▶ Data
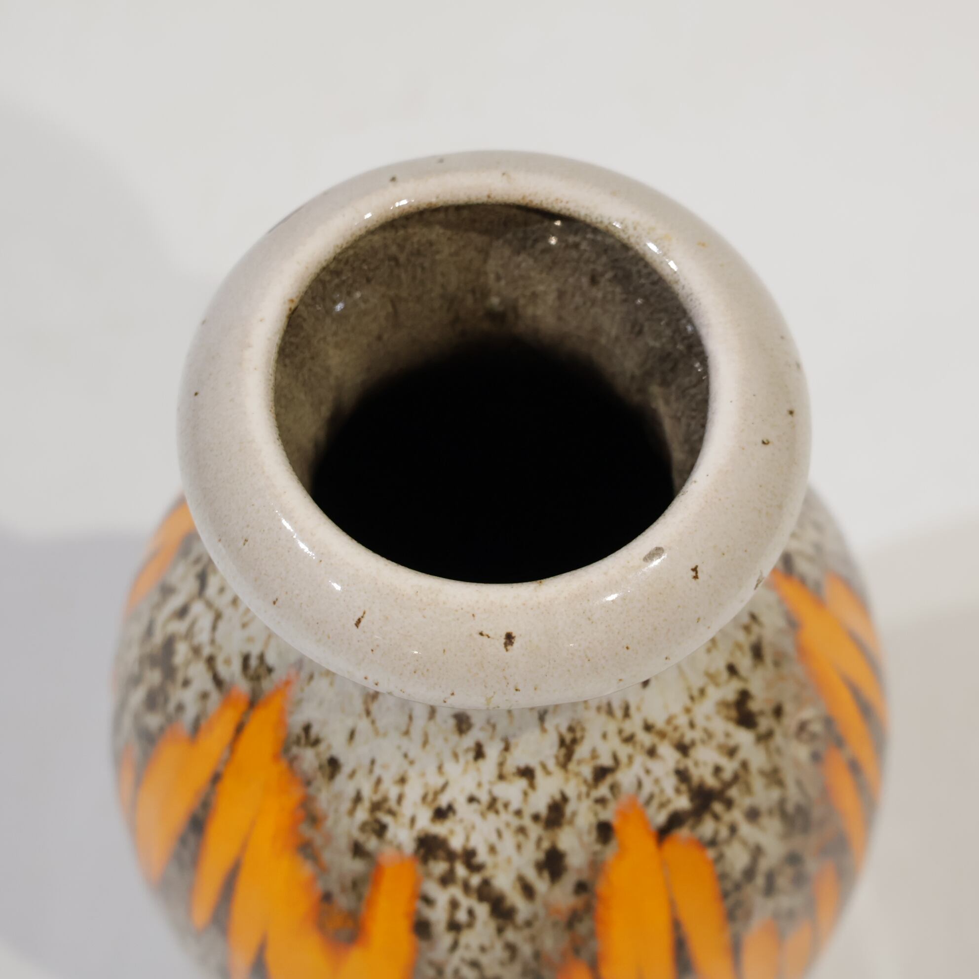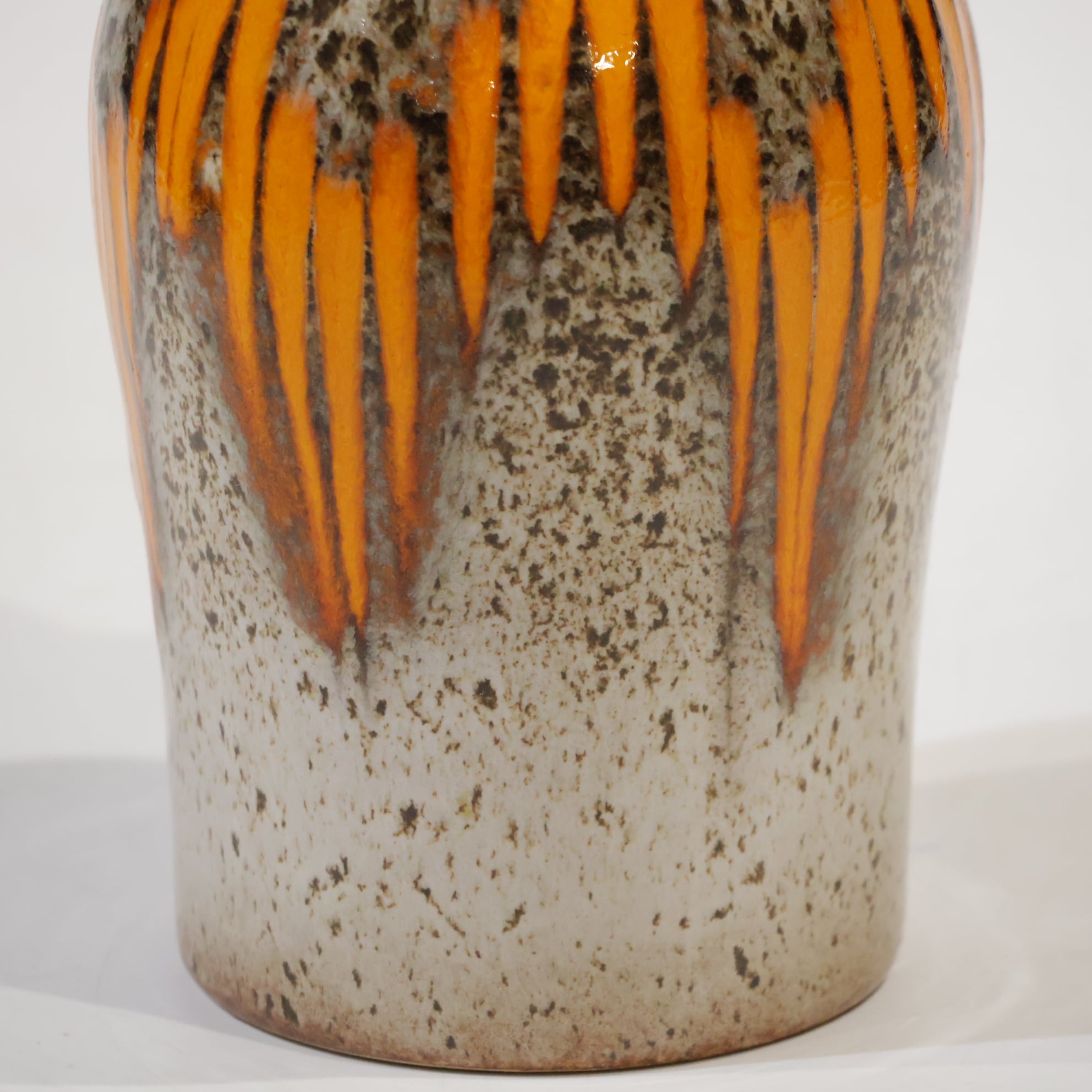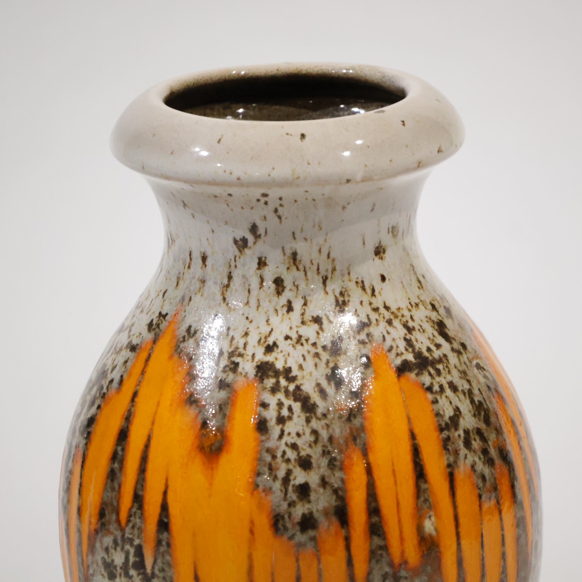 同社は急速に成長し、1950~80年代には陶 器製造の分野でドイツ最大のメーカーとなり、今日も確固たる地位を維持しています。形状に加えて釉薬でも、当時は最も幅広い品揃えを誇った他、輸出量も最大だったため、現在でも同社の製品はよく見られます。特に円筒形を基調にし たシンプルな形状で、型押し模様のある床置き 花瓶が代表的。色彩については当時主流だっ た赤やオレンジから、クリーム、ベージュ、茶色 などが多くを占めています。
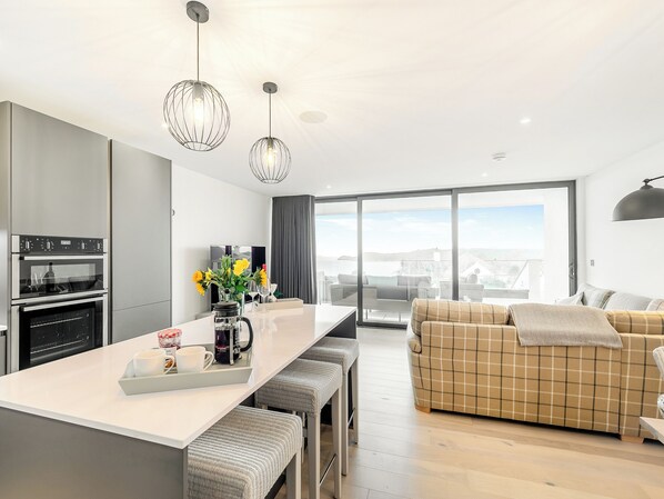 You’ll walk into an impressive open plan space, comprising of a beautiful dining area with wooden table and attractive rattan chairs seating six, a living area with Smart TV and sumptuous corner style sofa facing out towards an incredible outdoor terrace, which opens fully to bring the outdoors to you, the sea glistens beyond as part of this mesmerising spectacle. The kitchen has everything you could need, from Cafetière to Quooker hot tap.
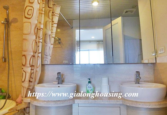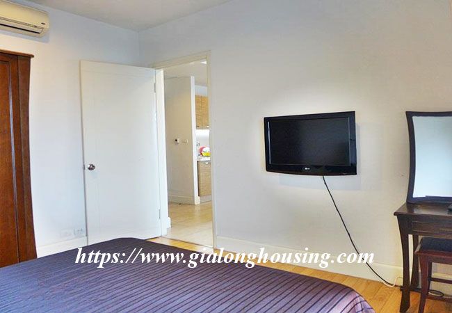 This bright and nice apartment is located in high floor of Golden Westlake building. The building is near West lake, from balcony of the apartment, you can see the corner of West lake. The total area is 85 sq m, including 02 bedrooms and 02 bathrooms, suitable for the tenants to stay in long term. The building has swimming pool, security, reception and gym.

▶ What the task asks
Repeat each line above exactly as it reads, omitting any pictures.

▶ Response for this exercise
 同社は急速に成長し、1950~80年代には陶 器製造の分野でドイツ最大のメーカーとなり、今日も確固たる地位を維持しています。形状に加えて釉薬でも、当時は最も幅広い品揃えを誇った他、輸出量も最大だったため、現在でも同社の製品はよく見られます。特に円筒形を基調にし たシンプルな形状で、型押し模様のある床置き 花瓶が代表的。色彩については当時主流だっ た赤やオレンジから、クリーム、ベージュ、茶色 などが多くを占めています。
 You’ll walk into an impressive open plan space, comprising of a beautiful dining area with wooden table and attractive rattan chairs seating six, a living area with Smart TV and sumptuous corner style sofa facing out towards an incredible outdoor terrace, which opens fully to bring the outdoors to you, the sea glistens beyond as part of this mesmerising spectacle. The kitchen has everything you could need, from Cafetière to Quooker hot tap.
 This bright and nice apartment is located in high floor of Golden Westlake building. The building is near West lake, from balcony of the apartment, you can see the corner of West lake. The total area is 85 sq m, including 02 bedrooms and 02 bathrooms, suitable for the tenants to stay in long term. The building has swimming pool, security, reception and gym.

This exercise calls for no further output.